• **BRIEF**: Give the data below again exactly as written, without its pictures.

• **DATA EXTRACT**:
★ ★ ★ ★ ★ ★ ★
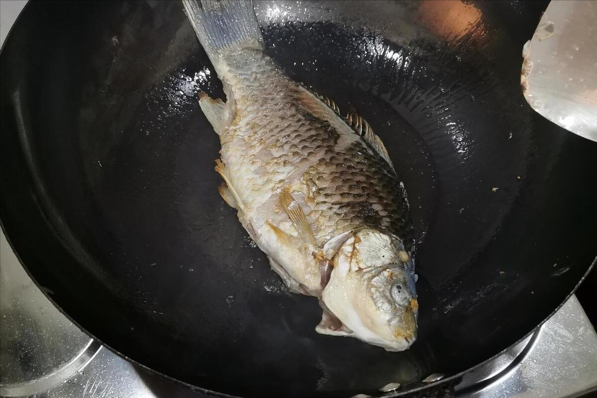 3、隨後再把鯽魚倒進去開始煎,把兩個面都煎到色澤金黃爲止,在燉之前提前把魚煎一下,這樣燉出來味道更香,湯汁更濃郁,並且還能燉出奶白的顏色,這就是需要掌握的第1個訣竅。
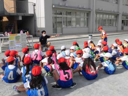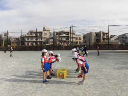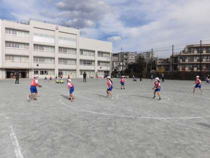 2年生の体育「ボール投げゲーム」の授業の様子です。
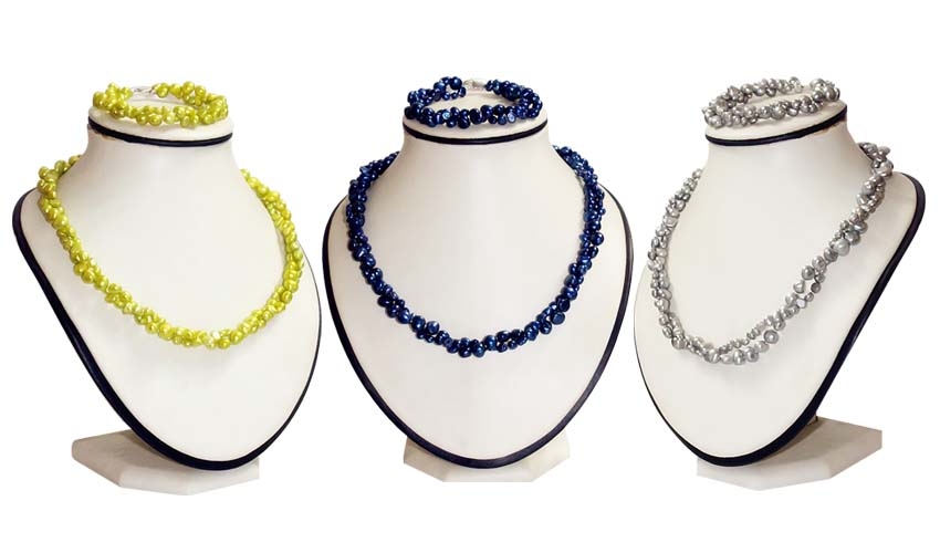 These matching 2-row baroque pearl sets include different colored unique baroque shaped pearl necklace and pearl bracelet. Both of the are in stamped 925 sterling silver.
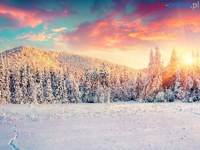 Wzgórze, Las, Zima, Zachód słońca, Drzewa
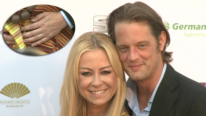 Total verschmust posierte Jenny Elvers mit ihrem Freund. Der trug an der linken Hand einen Ring. Im Interview sprach Jenny von ihrem „Mann“. Als wir nachfragen, ob sie bereits geheiratet hätte sagt sie: „Fragen Sie doch mal ihn!“ Das taten wir dann auch. Steffen klärte auf: „Na ich hab einen Verlobungsring am Finger, aber das ist ja schon bekannt, dass wir verlobt sind. Das ist mein Verlobungsring, der ist mir auch sehr wichtig.“
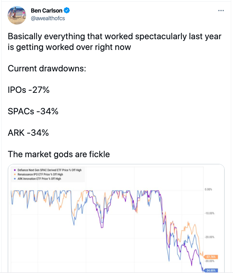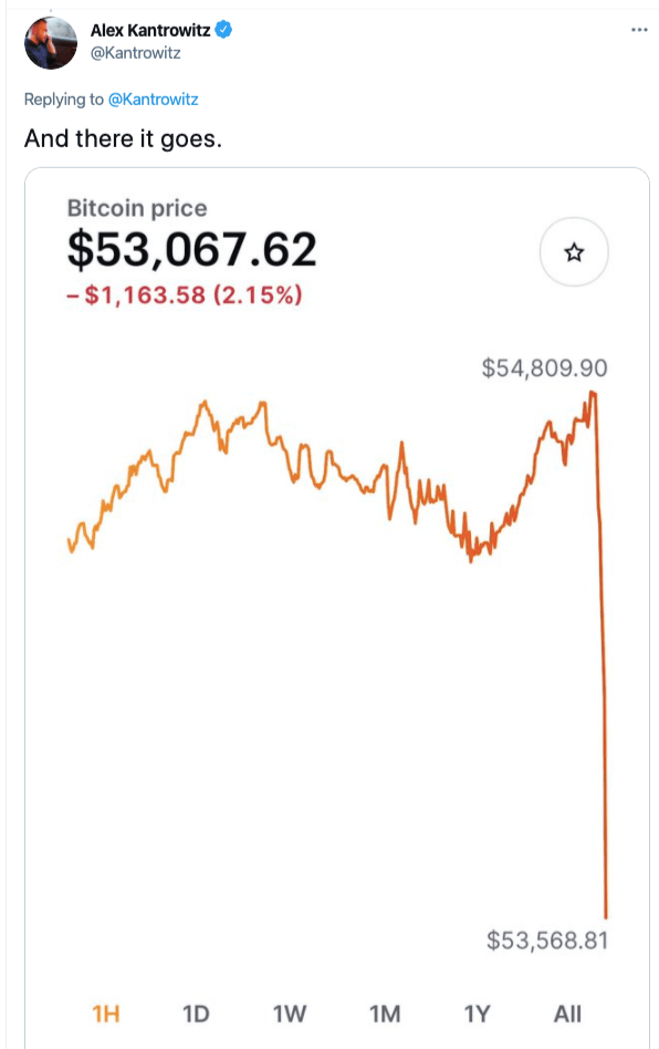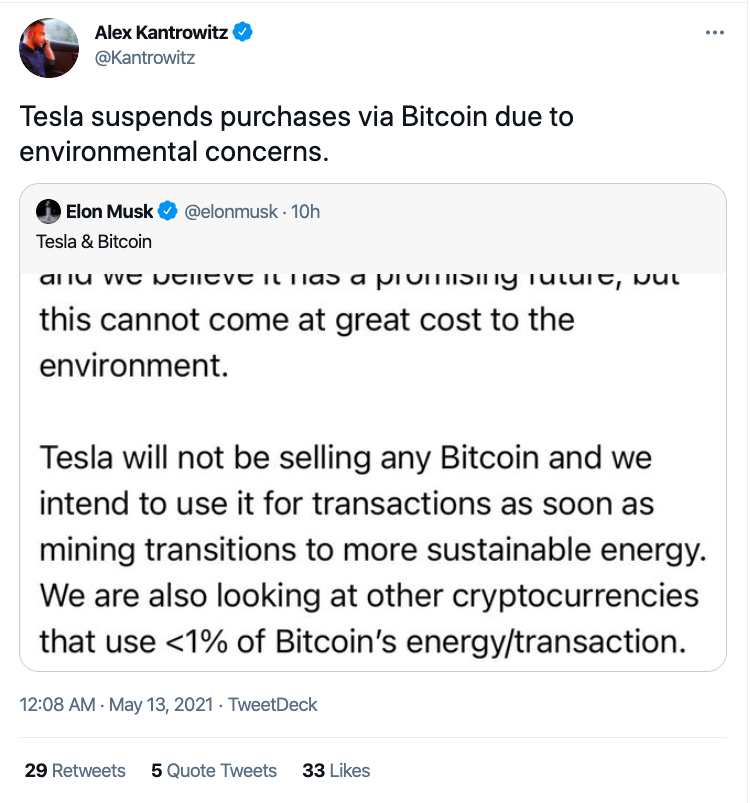 The difference today: there’s no relief in crypto. Tesla CEO Elon Musk dropped a bomb yesterday evening, Tweeting the company will no longer take Bitcoin for purchases on account of [checks notes] …oh, right, the planet.
★ ★ ★ ★ ★ ★ ★
• **RESPONSE AREA**:
 3、隨後再把鯽魚倒進去開始煎,把兩個面都煎到色澤金黃爲止,在燉之前提前把魚煎一下,這樣燉出來味道更香,湯汁更濃郁,並且還能燉出奶白的顏色,這就是需要掌握的第1個訣竅。
 2年生の体育「ボール投げゲーム」の授業の様子です。
 These matching 2-row baroque pearl sets include different colored unique baroque shaped pearl necklace and pearl bracelet. Both of the are in stamped 925 sterling silver.
 Wzgórze, Las, Zima, Zachód słońca, Drzewa
 Total verschmust posierte Jenny Elvers mit ihrem Freund. Der trug an der linken Hand einen Ring. Im Interview sprach Jenny von ihrem „Mann“. Als wir nachfragen, ob sie bereits geheiratet hätte sagt sie: „Fragen Sie doch mal ihn!“ Das taten wir dann auch. Steffen klärte auf: „Na ich hab einen Verlobungsring am Finger, aber das ist ja schon bekannt, dass wir verlobt sind. Das ist mein Verlobungsring, der ist mir auch sehr wichtig.“
 The difference today: there’s no relief in crypto. Tesla CEO Elon Musk dropped a bomb yesterday evening, Tweeting the company will no longer take Bitcoin for purchases on account of [checks notes] …oh, right, the planet.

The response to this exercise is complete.